→ Problem to work on: If pictures appear among the lines below, leave them out while you return exactly the lines from the one with "Isqueiro maçarico Zengaz" through the one with "从资金流向上来看,当日ETC".

→ Records provided:

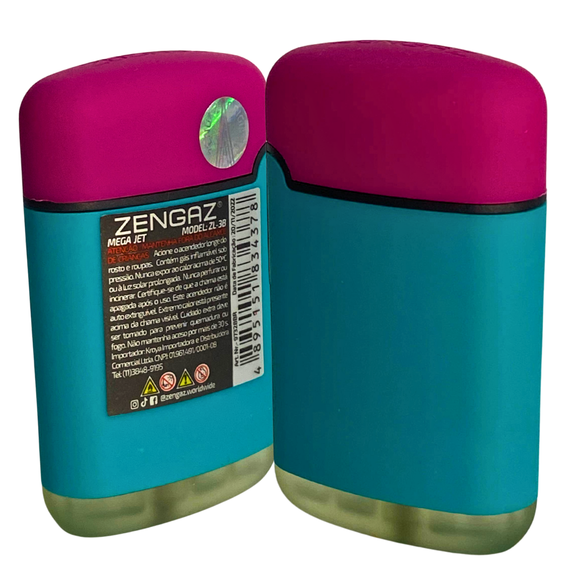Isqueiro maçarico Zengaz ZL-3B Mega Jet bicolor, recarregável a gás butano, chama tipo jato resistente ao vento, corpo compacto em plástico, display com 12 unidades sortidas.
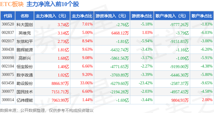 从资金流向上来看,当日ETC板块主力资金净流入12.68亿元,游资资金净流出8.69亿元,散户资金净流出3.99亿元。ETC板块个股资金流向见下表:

--

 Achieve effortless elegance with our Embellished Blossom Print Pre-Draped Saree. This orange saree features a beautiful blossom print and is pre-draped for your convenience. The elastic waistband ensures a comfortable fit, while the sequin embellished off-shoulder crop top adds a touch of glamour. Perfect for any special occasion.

→ Completed task:
Isqueiro maçarico Zengaz ZL-3B Mega Jet bicolor, recarregável a gás butano, chama tipo jato resistente ao vento, corpo compacto em plástico, display com 12 unidades sortidas.
 从资金流向上来看,当日ETC板块主力资金净流入12.68亿元,游资资金净流出8.69亿元,散户资金净流出3.99亿元。ETC板块个股资金流向见下表:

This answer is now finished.